Why Are Recognized Subtitles Uneven and Chaotic - How to Optimize and Adjust?
In the video translation process, automatically generated subtitles during the speech recognition stage often have unsatisfactory results. Either the subtitles are too long, almost filling the screen, or they only display two or three characters, appearing scattered and disjointed. Why does this happen?
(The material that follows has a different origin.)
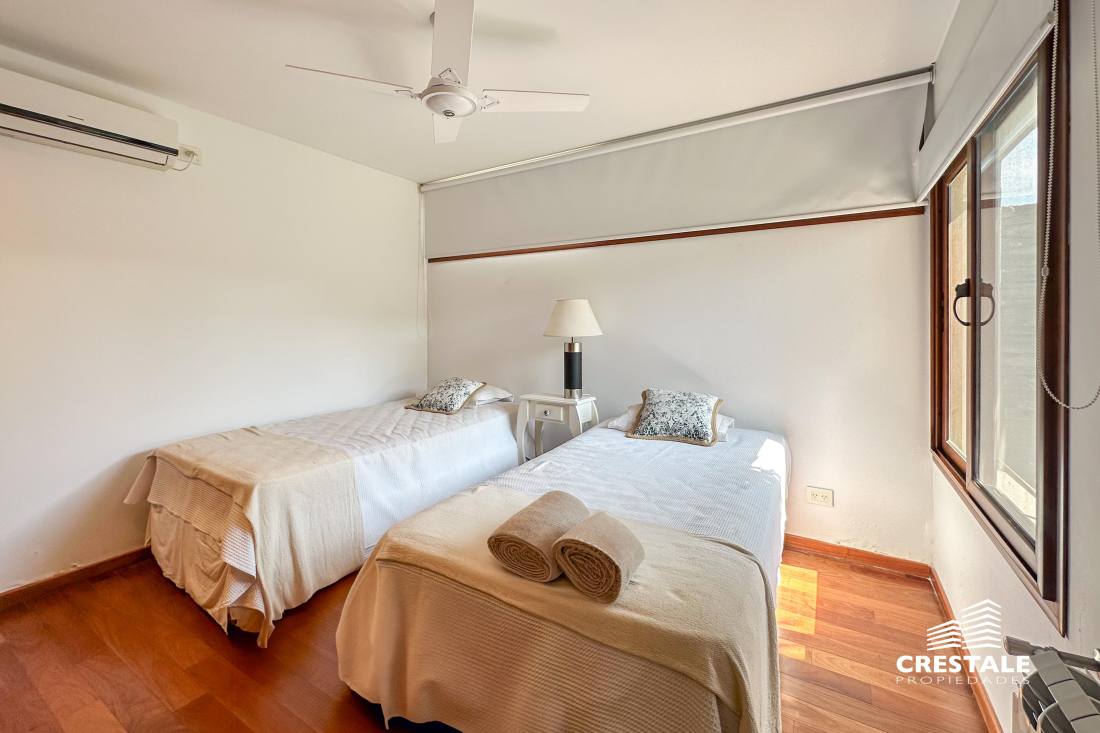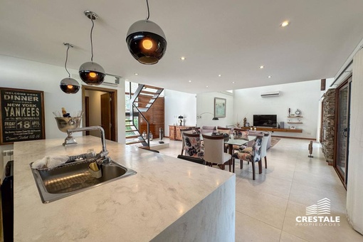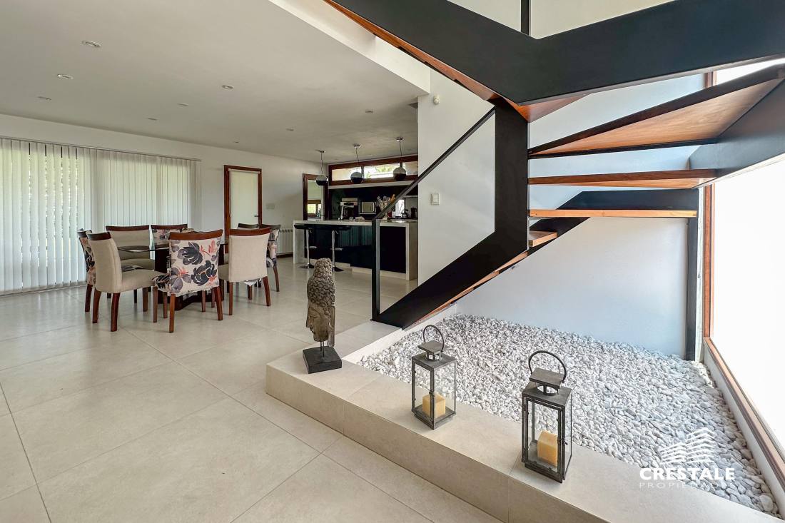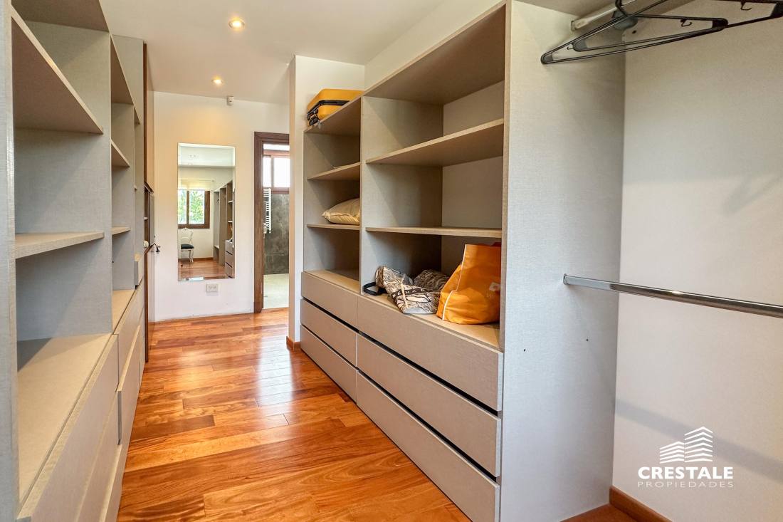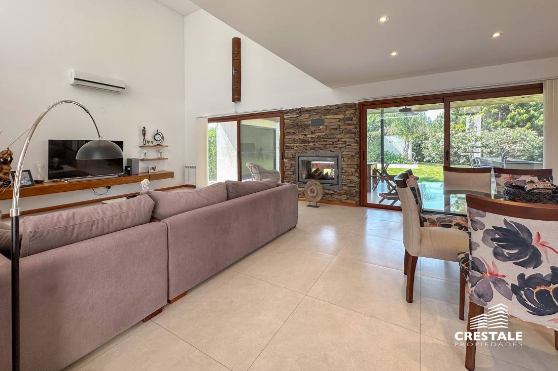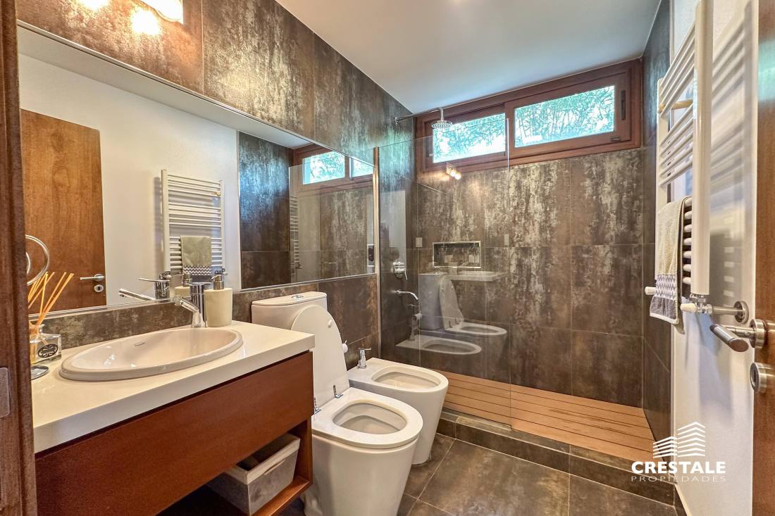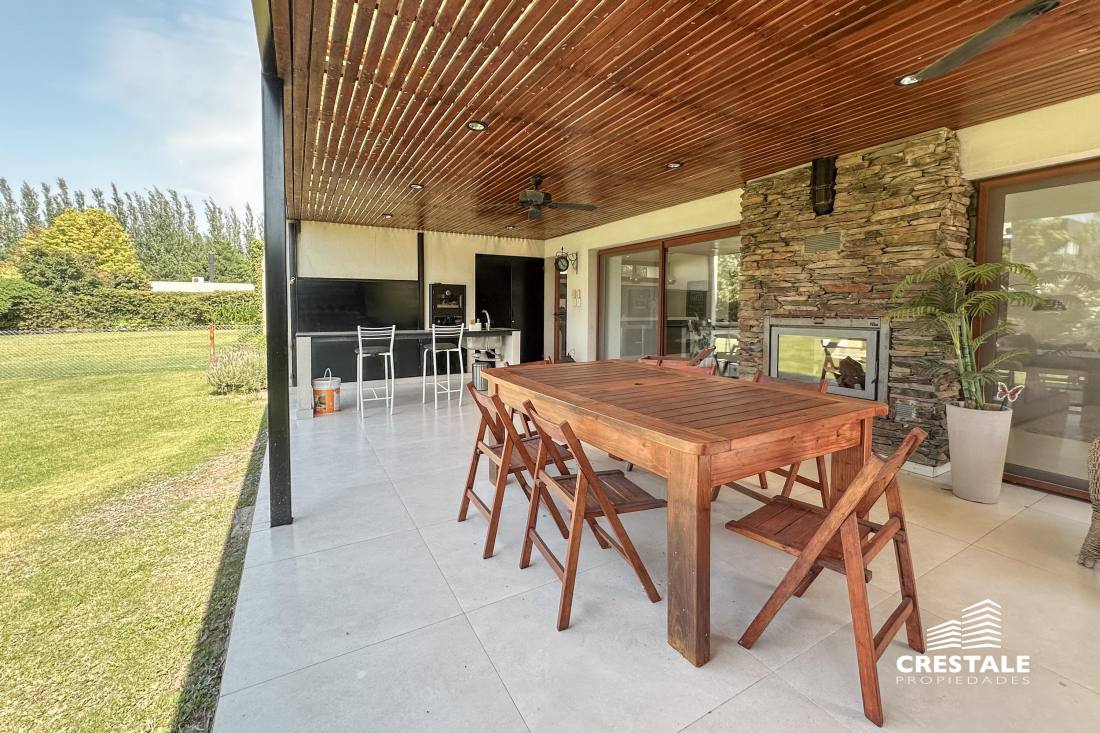 Propiedad desarrollada sobre un lote ubicado en el boulevard principal del barrio, con orientación frente Norte y fondo Sur, destacándose por su excelente calidad constructiva, diseño funcional y óptimo estado de mantenimiento. La vivienda se organiza en dos plantas. En planta baja, se accede a un amplio living comedor de doble altura, con excelente ingreso de luz natural. Cuenta con hogar / salamandra de doble frente, funcional tanto hacia el interior como hacia la galería. La cocina se presenta integrada, con generosos espacios de guardado. En este nivel se dispone además de un dormitorio versátil, ideal como escritorio o habitación de huéspedes, un baño completo, lavadero independiente y cochera cubierta para dos vehículos. En planta alta, se desarrolla el sector íntimo con el dormitorio principal en suite, con vestidor y baño completo, y un espacio comodín actualmente utilizado como área de trabajo o estudio. La propiedad posee estructura prevista para una futura ampliación, permitiendo generar fácilmente un tercer dormitorio. El sector exterior ofrece una galería cubierta equipada con parrillero y horno a gas, jardín totalmente parquizado con riego automático, piscina con sistema de filtrado completo, baño exterior y cuarto de guardado. La casa incorpora sistemas de climatización por radiadores mediante caldera dual, equipos de aire acondicionado instalados y un sistema de energía solar (actualmente a reacondicionar) destinado a abastecer bomba de agua y luminarias. Tratamiento de impermeabilización profesional realizado recientemente en techos.Todos los metros cuadrados se encuentran debidamente regularizados. Nota: posibilidad de venta completamente amueblada (consultar valor). Barrio Privado Aguadas se encuentra estratégicamente ubicado sobre la Autopista Rosario–Córdoba, con ingreso por calle Hipólito Yrigoyen, consolidándose como uno de los desarrollos residenciales más reconocidos de Funes. Implantado sobre un predio de aproximadamente 30 hectáreas y conformado por solo 234 lotes, ofrece un entorno de baja densidad, privacidad y tranquilidad, con excelente conectividad hacia Rosario y el centro de Funes. El barrio cuenta con infraestructura completa, incluyendo gas natural, agua corriente, red de cloacas y tendido subterráneo de servicios. Dispone de seguridad permanente con control de accesos, vigilancia 24 hs y monitoreo perimetral. Entre sus espacios comunes se destacan el Club House, quinchos, piscinas climatizada y exterior, gimnasio, mini market, canchas deportivas y amplias áreas verdes pensadas para la vida familiar. Código web: CHO7681896

Speech Recognition's Sentence Segmentation Standards
Speech Recognition:
That is, when human speech sounds are converted into text subtitles, sentences are usually segmented based on silent intervals. Generally, the duration of silent segments is set between 200 milliseconds and 500 milliseconds. Assuming it's set to 250 milliseconds, when silence lasting for 250 milliseconds is detected, the program will consider it the end of a sentence. At this point, a subtitle is generated from the previous ending point to here.
Factors Affecting Subtitle Quality
- Speaking Speed
If the speaking speed in the audio is very fast, with almost no pauses, or pauses shorter than 250 milliseconds, the segmented subtitles will be very long, possibly lasting for ten or even dozens of seconds, filling the screen when embedded in the video.
- Irregular Pauses:
Conversely, if there are unnecessary pauses while speaking, for example, if there are several pauses in the middle of a coherent sentence, the segmented subtitles will be very fragmented, with only a few words displayed in each subtitle.
- Background Noise
Background noise or music can also interfere with the determination of silent intervals, leading to inaccurate recognition.
- Pronunciation Clarity: This is obvious; even humans cannot understand unclear pronunciation.
How to Address These Issues?
- Reduce Background Noise:
If the background noise is significant, you can separate human speech from background sound before recognition to remove interfering sounds and improve recognition accuracy.
- Use a Larger Speech Recognition Model:
If computer performance allows, try to use a large model for recognition, such as large-v2
or large-v3-turbo
.
- Adjust Silent Segment Duration:
The software defaults to setting the silent segment duration to 200 milliseconds. Depending on the specific audio and video, you can adjust this value. If the video you want to recognize has a fast speaking speed, you can lower it to 100 milliseconds; if there are many pauses, you can increase it to 300 or 500 milliseconds. To set this, open Tools/Options in the menu, then select Advanced Options, and modify the minimum silent segment value in the faster/openai speech recognition adjustment section.
- Set Maximum Subtitle Duration:
You can set the maximum duration for subtitles, and subtitles exceeding this duration will be forcibly split. This setting is also in the Advanced Options.
As shown in the figure, subtitles exceeding 10 seconds will be re-segmented.
- Set the Maximum Number of Characters per Subtitle Line:
You can set the upper limit of characters per subtitle line, and subtitles exceeding this limit will automatically wrap or be split.
- Enable Re-segmentation Function: After enabling this option, combined with the settings in points 4 and 5 mentioned above, the program will automatically re-segment sentences.
After the above settings 3, 4, 5, and 6, the program will first generate subtitles based on silent intervals. When encountering excessively long subtitles or subtitles with too many characters, the program will split the subtitles by re-segmenting sentences. When re-segmenting sentences, the program uses the nltk
natural language processing library, combining silent interval duration, punctuation, the number of subtitle characters, and other factors to make a comprehensive judgment before splitting.